The ASIC-AFP joint 'multi-layered cybercrime' investigation has resulted in the arrest of a 21 year-old woman from Melbourne.
Written by Asha Barbaschow, Contributor

The Australian Securities and Investments Commission (ASIC) has announced dismantling a major fraud and identity theft syndicate that allegedly profited from the thefts of superannuation and share trading accounts, to the tune of millions of dollars.

ASIC, alongside the Australian Federal Police (AFP), had been investigating the "multi-layered cybercrime activity" for more than a year, resulting in the arrest of a 21 year-old woman from Melbourne.

It is alleged the woman worked as part of a syndicate which used fraudulently-obtained identities to commit large-scale online fraud.

ASIC said in court on Tuesday the syndicate allegedly used stolen identity information purchased from "dark net marketplaces", together with single use SIM cards and fake email accounts, to undertake an "identity takeover".

These fraudulently created identities, ASIC said, were created to mimic real individuals who unknowingly had their identities compromised. ASIC said they were then used to open bank accounts at various Australian banking institutions.

Investigations have uncovered at least 70 bank accounts created using fraudulently-obtained identities to date, ASIC said, alleging that once created, the syndicate stole money from the superannuation accounts of these victims, and from their share-trading accounts in ASX-listed companies.

ASIC and the AFP further allege the syndicate laundered the stolen funds through an overseas contact to purchase untraceable assets such as jewellery.
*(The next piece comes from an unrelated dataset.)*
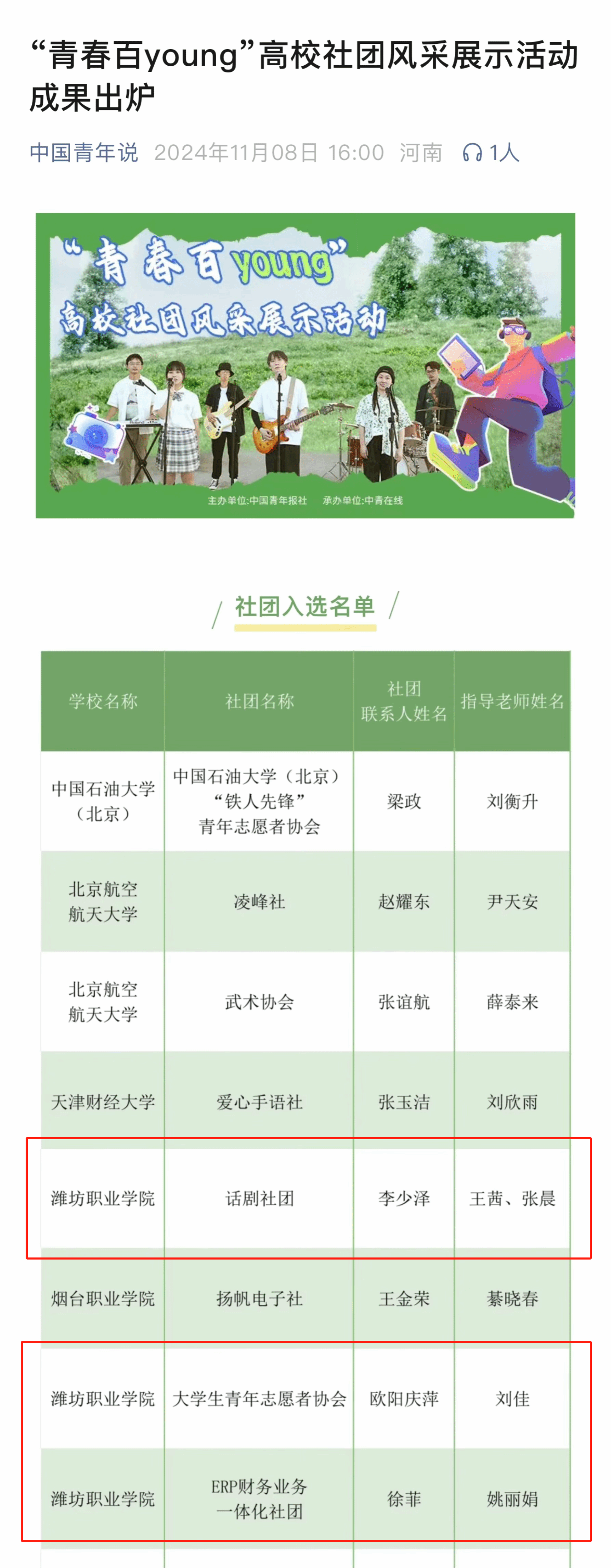 近日,由中国青年报社主办、中青在线承办的全国“青春百young”高校社团风采展示活动成绩公布,学院3个社团成功入选优秀社团。本次活动旨在呈现大学生多元的校园文化、展现当代青年昂扬的青春风貌,以青春视角展示高校学生社团活动开展实际和事迹成果。自9月活动启动以来,学院团委积极响应,鼓励各学生社团凝练社团特色、挖掘工作亮点、总结育人成效,按照活动要求提交作品。经过校内推荐、中国青年报宣传展示、专家评审团评审等环节,...更多 -

It is believed the money was then transferred back to Australia through cryptocurrency.

"From identity theft, where innocent victims have their personal details stolen and sold online in dark net marketplaces; to hacking and phishing – this investigation has illustrated the devastating impacts that compromise of your identity can have," AFP Manager Cyber Crime Operations, acting commander Chris Goldsmid said.

"Cybersecurity threats such as data breaches and financial system attacks are a major concern for ASIC and we will continue to pursue not only cyber-related market and superannuation offending but also the need for institutions to maintain their obligations to ensure they have adequate cyber resilience," added ASIC deputy chair Daniel Crennan.

The 21 year-old is due to be charged, if found guilty, with a range of offences, including: Multiple offences of conspiring to cause unauthorised access and/or modification of data; multiple offences of conspiring to cause unauthorised modification of data knowing that the modification was unauthorised, and being reckless as to whether the modification will impair the reliability and security of the data; conspiring to dishonestly take or conceal articles in the course of post; conspiring to dishonestly obtain property by deception; multiple offences of dealing in proceeds of crime valued at AU$100,000 or more; multiple offences of dealing in personal identification information; and multiple offences of dealing in personal financial information.

Investigations into the syndicate are continuing, and ASIC said further arrests and charges have not been ruled out.